Mentre parla con GQ Daley si trova a Montreal, dove ha deciso di prendersi una pausa dopo la frenesia di Tokyo 2020 con suo figlio e suo marito, il produttore e sceneggiatore premio Oscar Dustin Lance Black. «Avere una famiglia fa una grande differenza, ti dà un senso di prospettiva su ciò che conta davvero», dice. Durante le sue vacanze ha pubblicato la copertina della sua autobiografia Coming up for air, la cui uscita è prevista per ottobre. Nel libro ha riversato gli aspetti positivi e quelli negativi della sua ascesa alla fama. «Troverete cose dolorose all'interno, come la morte di mio padre, la lotta con la mia sessualità e i problemi di immagine che ho avuto con il mio corpo. Eppure scriverlo è stato come liberarlo».

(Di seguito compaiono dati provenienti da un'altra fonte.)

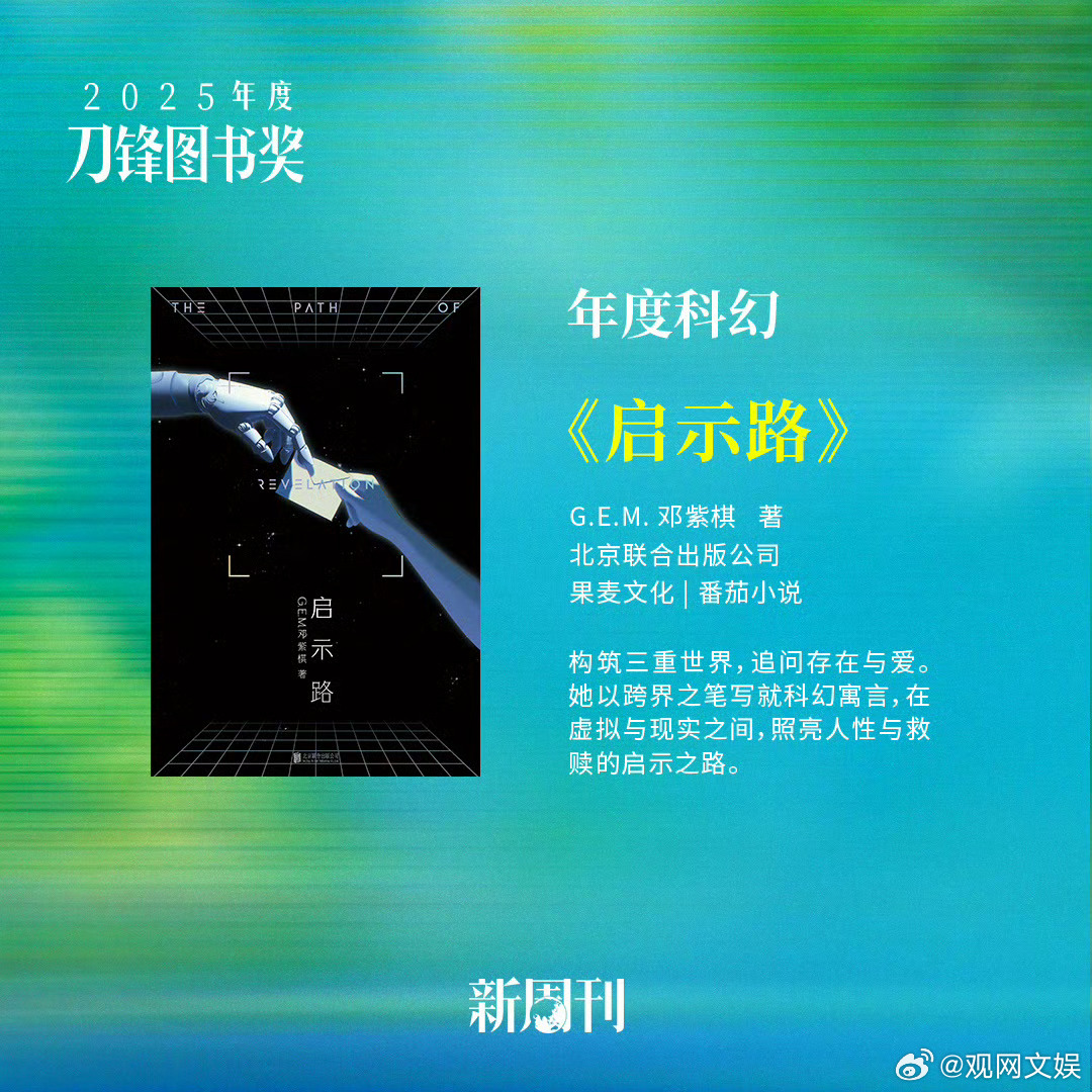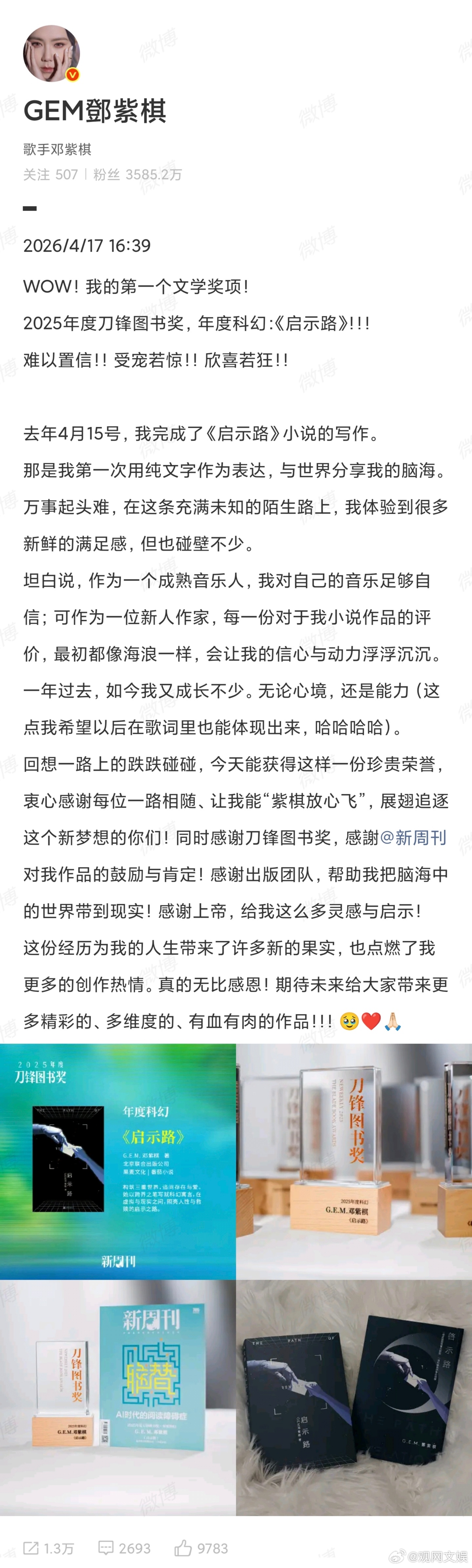 邓紫棋小说启示路获刀锋图书奖 4月17日,发文回应其小说《启示路》获得2025年度刀锋图书奖年度科幻,“难以置信!!受宠若惊!!欣喜若狂!!”

Stai parlando di problemi legati all'immagine del corpo, qualcosa che fa parte della nuova narrativa maschile. Le persone potrebbero chiedersi quali problemi del genere possa avere un atleta, oltretutto un nuotatore. A cosa ti riferisci in particolare?

«È difficile da capire per le persone. Gli atleti indossano le loro uniformi e possono fregarsene, finché performano bene è quello che conta. Noi nuotatori, invece, non indossiamo molti vestiti, tutto è sotto gli occhi della gente, e c'è sempre quel momento in cui se mangi qualcosa di "sbagliato" dici: «Mi vedo malissimo, ho un aspetto terribile». Nello sport c'è questa idea di cercare sempre di migliorarsi, migliorarsi e migliorarsi, e non si può mai tornare indietro. Nella stagione di preparazione, però, ci sono periodi in cui torni un po' indietro, poi arriva la fase di costruzione muscolare, il tuo corpo cambia costantemente e può essere travolgente quando ti appare diverso. Sembra irreale, lo so, ma se parli con altri atleti ti diranno che è una cosa comune, anche se penso che in generale stia cambiando il modo in cui le persone affrontano il tema del corpo».

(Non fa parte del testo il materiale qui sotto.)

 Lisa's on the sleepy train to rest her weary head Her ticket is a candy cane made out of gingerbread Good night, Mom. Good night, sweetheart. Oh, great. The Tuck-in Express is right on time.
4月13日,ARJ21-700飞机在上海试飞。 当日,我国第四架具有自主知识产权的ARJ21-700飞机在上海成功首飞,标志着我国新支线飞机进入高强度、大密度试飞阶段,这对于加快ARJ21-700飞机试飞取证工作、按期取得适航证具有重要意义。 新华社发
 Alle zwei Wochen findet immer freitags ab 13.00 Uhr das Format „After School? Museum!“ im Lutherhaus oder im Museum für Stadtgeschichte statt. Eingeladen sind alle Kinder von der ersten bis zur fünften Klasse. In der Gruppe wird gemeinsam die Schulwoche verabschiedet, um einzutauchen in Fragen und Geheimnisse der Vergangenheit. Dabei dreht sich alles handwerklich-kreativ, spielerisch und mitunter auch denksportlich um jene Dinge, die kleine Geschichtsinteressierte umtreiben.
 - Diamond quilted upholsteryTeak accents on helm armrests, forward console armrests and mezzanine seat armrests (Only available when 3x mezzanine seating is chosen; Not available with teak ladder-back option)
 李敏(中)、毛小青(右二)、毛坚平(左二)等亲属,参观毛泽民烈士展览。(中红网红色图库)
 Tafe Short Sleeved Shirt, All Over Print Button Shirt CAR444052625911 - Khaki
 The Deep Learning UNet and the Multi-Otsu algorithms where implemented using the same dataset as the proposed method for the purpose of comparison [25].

Tom Daley tuffo Tokyo 2020

TASS / IPA

In Tom Daley sembra esserci una connessione naturale con gli argomenti che spesso emergono come tendenze online, come eco di quelle questioni che interessano davvero il mondo reale. I Paesi che ancora trattano l'omosessualità come un reato, per esempio. «Ci sono 10 nazioni che hanno gareggiato alle Olimpiadi dove essere gay è punibile con la morte»; questi temi lo hanno portato persino a pensare di scrivere un libro per bambini a riguardo. «Nel mondo ci sono famiglie di così tante forme, composizioni e dimensioni. Queste storie meritano di essere rappresentate e raccontate, poiché non sono necessariamente la mamma e il papà il sinonimo di vivere felici e contenti». 

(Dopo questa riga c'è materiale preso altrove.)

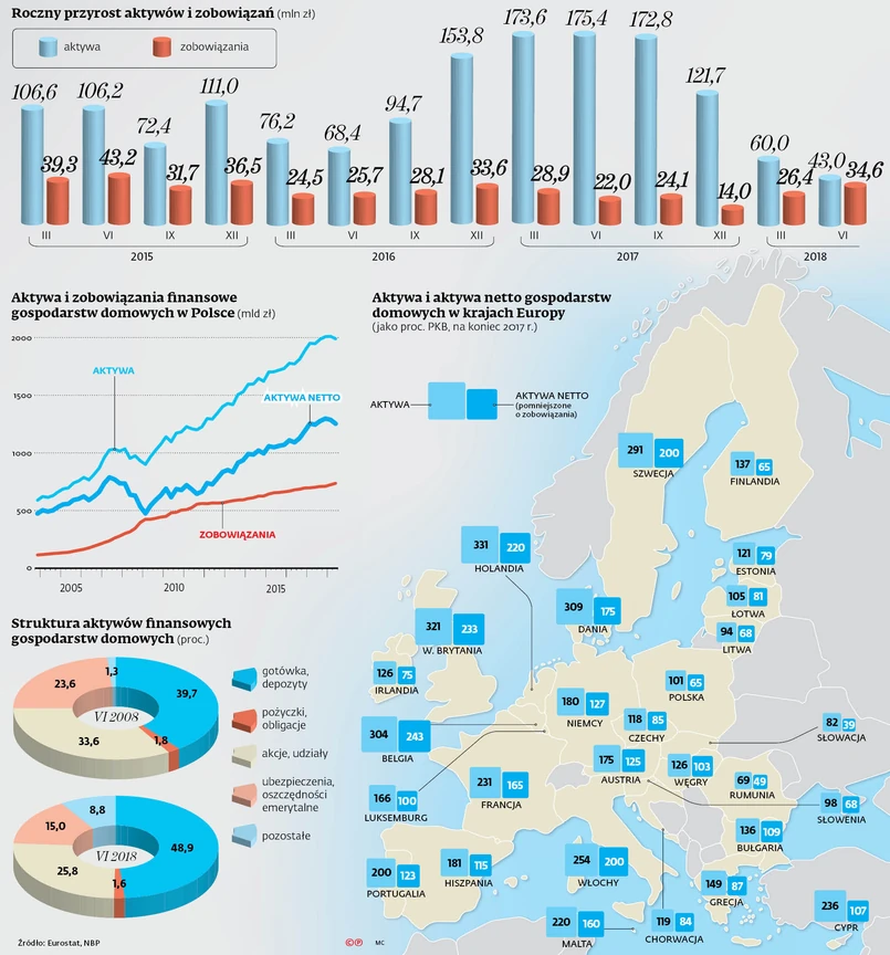 Tylko przez pół roku mogliśmy się cieszyć tym, że aktywa finansowe polskich gospodarstw domowych przekraczają 2 bln zł – w IV kwartale 2017 r. i w I kwartale 2018 r. W II kwartale br. znów spadły poniżej tej bariery – wynika z danych Narodowego Banku Polskiego.
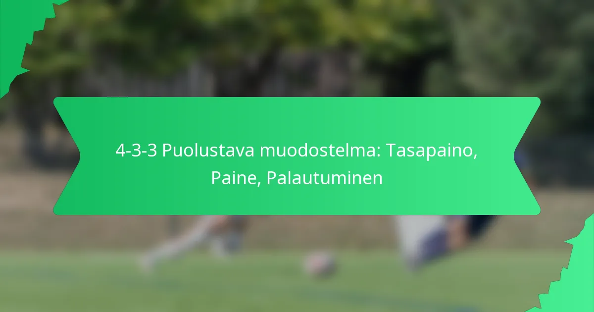 4-3-3 puolustusmuotoilu on jalkapallossa taktinen lähestymistapa, joka tasapainottaa vahvan keskikentän, tukevan puolustuksen ja dynaamisen hyökkäyksen. Asettamalla neljä puolustajaa, kolme keskikenttäpelaajaa ja kolme hyökkääjää joukkueet voivat tehokkaasti painostaa vastustajia samalla varmistaen nopean palautumisen pallon menetyksen jälkeen. Tämä muotoilu ei ainoastaan paranna puolustuksen vakautta, vaan myös edistää sujuvaa siirtymistä hyökkäyksestä puolustukseen, mahdollistaen koordinoidut painostusstrategiat, jotka häiritsevät vastustajan peliä.
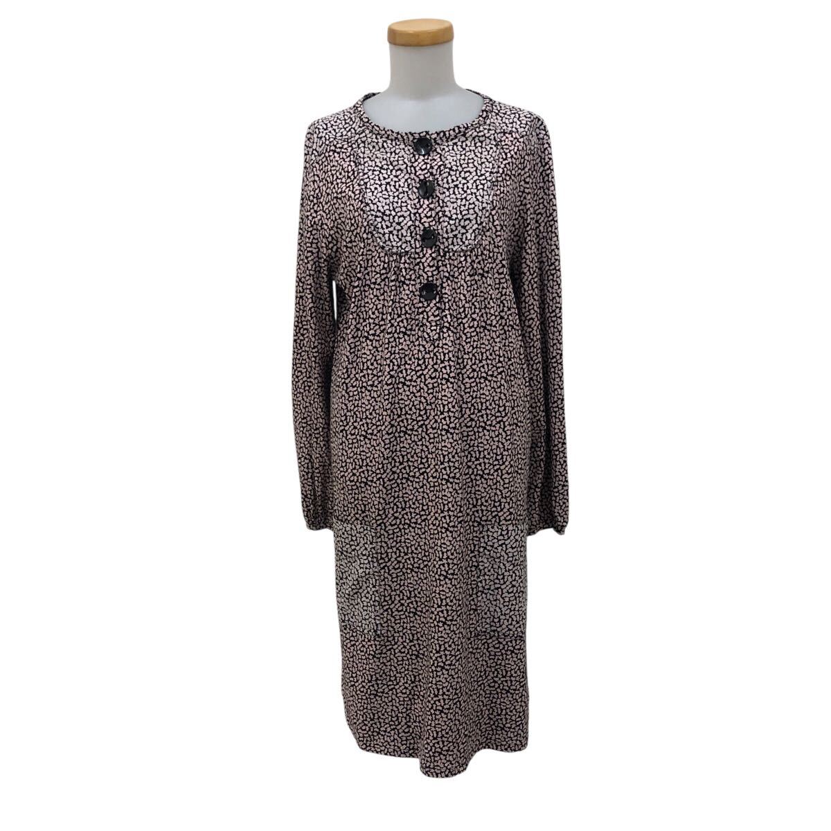 NC311-10 A.P.C. アーペーセー 長袖 膝丈スカート スカート ワンピース ワンピ レディース M ピンク ブラック 黒 総柄
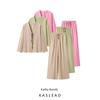 Kaslead New Arrival Women's Clothing Fashion Style Fashion Minority Design Long Sleeves Feather Coat Casual Pants Suit

Ed è ancora più tagliente quando sottolinea l'importanza di ottenere un impatto nel mondo reale che vada oltre le semplici parole, anche le più cariche di emozioni, come quelle che lui stesso ha pronunciato a Tokyo 2020 in una conferenza stampa. «Quello che ho detto ha fatto discutere la gente, ma non ha generato alcun cambiamento, nessuna legge è stata cambiata». Pertanto si è riproposto di ottenere un impatto ancora più forte, dichiarando di voler sfruttare i giochi del Common Wealth del 2022 per innescare azioni concrete: «Vorrei vedere aumentare la partecipazione degli atleti LGBT e che i Paesi partecipanti abbiano leggi più rispettose». Sono passati quasi 10 anni da quando Daley, nel 2013, ha sfidato l'opinione pubblica e ha condiviso pubblicamente di essere un atleta gay. 

Puoi raccontarci cosa è cambiato da allora? 

«La mia vita non ha avuto grandi cambiamenti, tranne che per il fatto che le persone hanno iniziato a rispettarmi per quello che sono e non per quello che facevo finta di essere».